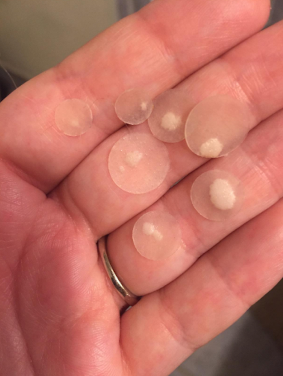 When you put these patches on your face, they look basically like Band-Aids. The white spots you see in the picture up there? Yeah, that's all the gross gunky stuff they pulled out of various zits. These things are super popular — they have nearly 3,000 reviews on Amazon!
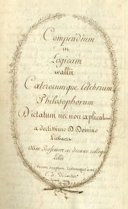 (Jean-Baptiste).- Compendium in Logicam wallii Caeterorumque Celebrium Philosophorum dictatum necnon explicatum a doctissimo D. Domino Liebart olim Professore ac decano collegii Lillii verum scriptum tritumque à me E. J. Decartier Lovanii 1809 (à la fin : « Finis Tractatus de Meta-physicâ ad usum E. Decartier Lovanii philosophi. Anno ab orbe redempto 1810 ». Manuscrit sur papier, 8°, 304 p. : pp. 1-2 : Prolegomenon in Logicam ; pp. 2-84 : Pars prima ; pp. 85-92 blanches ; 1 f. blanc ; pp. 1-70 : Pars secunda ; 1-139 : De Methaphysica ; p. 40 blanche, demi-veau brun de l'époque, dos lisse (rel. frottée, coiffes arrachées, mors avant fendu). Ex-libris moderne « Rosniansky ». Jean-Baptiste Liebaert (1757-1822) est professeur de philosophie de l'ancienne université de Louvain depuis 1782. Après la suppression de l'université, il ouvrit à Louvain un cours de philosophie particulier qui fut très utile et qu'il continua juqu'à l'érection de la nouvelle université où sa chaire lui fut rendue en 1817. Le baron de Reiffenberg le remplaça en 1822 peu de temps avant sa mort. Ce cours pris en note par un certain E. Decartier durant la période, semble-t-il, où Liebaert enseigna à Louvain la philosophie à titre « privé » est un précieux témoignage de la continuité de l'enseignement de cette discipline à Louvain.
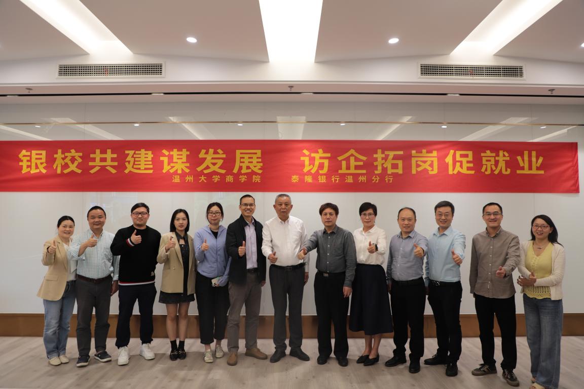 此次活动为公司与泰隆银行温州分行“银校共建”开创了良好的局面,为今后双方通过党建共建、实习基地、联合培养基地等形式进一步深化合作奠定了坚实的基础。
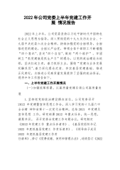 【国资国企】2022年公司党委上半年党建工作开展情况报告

▸ **Task to complete**
The full listing above, duplicated exactly and without its pictures, is the answer.

▸ **Reply to the exercise**
 When you put these patches on your face, they look basically like Band-Aids. The white spots you see in the picture up there? Yeah, that's all the gross gunky stuff they pulled out of various zits. These things are super popular — they have nearly 3,000 reviews on Amazon!
 (Jean-Baptiste).- Compendium in Logicam wallii Caeterorumque Celebrium Philosophorum dictatum necnon explicatum a doctissimo D. Domino Liebart olim Professore ac decano collegii Lillii verum scriptum tritumque à me E. J. Decartier Lovanii 1809 (à la fin : « Finis Tractatus de Meta-physicâ ad usum E. Decartier Lovanii philosophi. Anno ab orbe redempto 1810 ». Manuscrit sur papier, 8°, 304 p. : pp. 1-2 : Prolegomenon in Logicam ; pp. 2-84 : Pars prima ; pp. 85-92 blanches ; 1 f. blanc ; pp. 1-70 : Pars secunda ; 1-139 : De Methaphysica ; p. 40 blanche, demi-veau brun de l'époque, dos lisse (rel. frottée, coiffes arrachées, mors avant fendu). Ex-libris moderne « Rosniansky ». Jean-Baptiste Liebaert (1757-1822) est professeur de philosophie de l'ancienne université de Louvain depuis 1782. Après la suppression de l'université, il ouvrit à Louvain un cours de philosophie particulier qui fut très utile et qu'il continua juqu'à l'érection de la nouvelle université où sa chaire lui fut rendue en 1817. Le baron de Reiffenberg le remplaça en 1822 peu de temps avant sa mort. Ce cours pris en note par un certain E. Decartier durant la période, semble-t-il, où Liebaert enseigna à Louvain la philosophie à titre « privé » est un précieux témoignage de la continuité de l'enseignement de cette discipline à Louvain.
 此次活动为公司与泰隆银行温州分行“银校共建”开创了良好的局面,为今后双方通过党建共建、实习基地、联合培养基地等形式进一步深化合作奠定了坚实的基础。
 【国资国企】2022年公司党委上半年党建工作开展情况报告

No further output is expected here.